Eight mRNAs highly expressed in the survival prognosis network were selected for immune cell infiltration analysis. The results demonstrate the significant correlation of ACTG1 (Fig. 8A), ASRGL1 (Fig. 8B), E2F3 (Fig. 8C), POGK (Fig. 8D), RASSF3 (Fig. 8E), WDR76 (Fig. 8F), and ZNF544 (Fig. 8G) with the infiltration level of B cells, CD4+ T cells, CD8+ T cells, neutrophils, macrophages and dendritic cells in the liver hepatocellular carcinoma (LIHC) microenvironment. However, the SUCO cannot be retrieved from the database. Additionally, immune checkpoint analysis revealed the positive correlation of ACTG1, E2F3, RASSF3, and WDR76 with programmed cell death 1 (PDCD1, Fig. 9A), cluster of differentiation 274 (CD274, Fig. 9B), and cytotoxic T lymphocyte-associated antigen 4 (CTLA4, Fig. 9C) in LIHC.

Figure 8
figure 8

The immune cell infiltration levels analysis of the up-regulated mRNAs in the survival network. (A)ACTG1, (B) ASRGL1, (C) E2F3, (D) POGK, (E) RASSF3, (F) WDR76, (G) ZNF544.

Figure 9
figure 9

Immune checkpoints, drug sensitivity, and ROC analysis. Immune checkpoints analysis between ACTG1, E2F3, RASSF3, and WDR76 with PDCD1 (A), CD274 (B), and CTLA4 (C), respectively. (D) Drug sensitivity analysis. ROC analysis of the hsa_circ_0000417 (E), hsa_circ_0001387 (F), hsa_circ_0002688 (G), has-miR-199a-5p (H), and WDR76 (I).

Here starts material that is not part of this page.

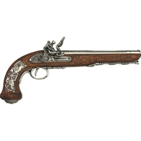 Denix Replicas - Antique Nickel Silver Finish Flintlock Pistol Replica with Wood Grips. Model: DX1084NQ. 1810 French Flintlock Pistol Replica. 15 3/8in. overall. Wood grips with decorative engraving. Antique nickel silver finish barrel and detailed fittings and trim. Country of Origin: SPAIN Read more...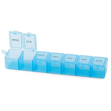 The weekly medicine container is a set of seven plastic boxes contained in one collective case. It is an ideal solution for preparing medicines for the whole week, especially for people with chronic illnesses.

Drug sensitivity and ROC analysis

Drug sensitivity analysis showed that WDR76 was positively correlated with the sensitivity to trametinib, RDEA119, and selumetinib (Fig. 9D). The results suggest the potential role of WDR76 as a hub gene among the highly expressed genes in the survival network. Thus, we identified the hsa_circ_0000417/hsa_circ_0002688/hsa_circ_0001387-hsa_miR-199a-5p-WDR76 regulatory axis from the ceRNA network. The genes in the identified regulatory axis were subjected to ROC analysis to determine their value for HCC diagnosis. The AUCs were 0.738 (hsa_circ_0000417, Fig. 9E), 0.876 (hsa_circ_0001387, Fig. 9F), 0.785 (hsa_circ_0002688, Fig. 9G), 0.980 (hsa_miR-199a-5p, Fig. 9H) and 0.844 (WDR76, Fig. 9I), respectively. The results indicate the potential use of these genes as diagnostic markers for HCC. And, we got the potential binding sites between the circRNAs with miRNA (Fig. 10A), the structure of hsa_circ_0000417 (Fig. 10B), hsa_circ_0002688 (Fig. 10C), and hsa_circ_0001387 (Fig. 10D). Figure 10E illustrated the model of the regulatory axis. Therefore, this study revealed the connection between the regulatory axis and the survival, immune cell infiltration level, immune checkpoints, pathway activity, drug sensitivity, and HCC diagnosis of LIHC patients. Other factors that may be involved in regulating the occurrence and progression of hepatocellular carcinoma and having reference value for the diagnosis and treatment of HCC were also determined.

Figure 10
figure 10

The model of the regulatory axis and the binding sites of circRNA-miRNA. (A) The binding sites between the hsa_circ_0000417/0001387/0002688 with has-miR-199a-5p. The structure of the hsa_circ_0000417(B)/0002688 (C)/0001387 (D), ORF open reading frame. (E) The model of the regulatory axis. The upward red arrows indicate that the upregulated expression of the corresponding RNAs, while a downward arrow indicates the opposite.

Discussion

Research on various mechanisms of circRNAs in tumor cells, particularly the ceRNA mechanism, has been expanding in recent years. The ceRNA mechanism stemmed from a hypothesis that ceRNAs could compete to bind to the targeted miRNAs, decreasing the number of miRNAs and increasing the downstream mRNA targets20, which regulates disease. There is significant evidence supporting the role of the ceRNA mechanism in the initiation and progression of various tumors, including HCC21,22,23. We constructed a ceRNA network in this study based on the ceRNA mechanism and bioinformatics analysis. Multiple gene function analysis and identification databases ultimately determined the pivotal regulatory axis in HCC. Our findings will provide a valuable reference for the pathogenesis, diagnosis, and treatment of HCC.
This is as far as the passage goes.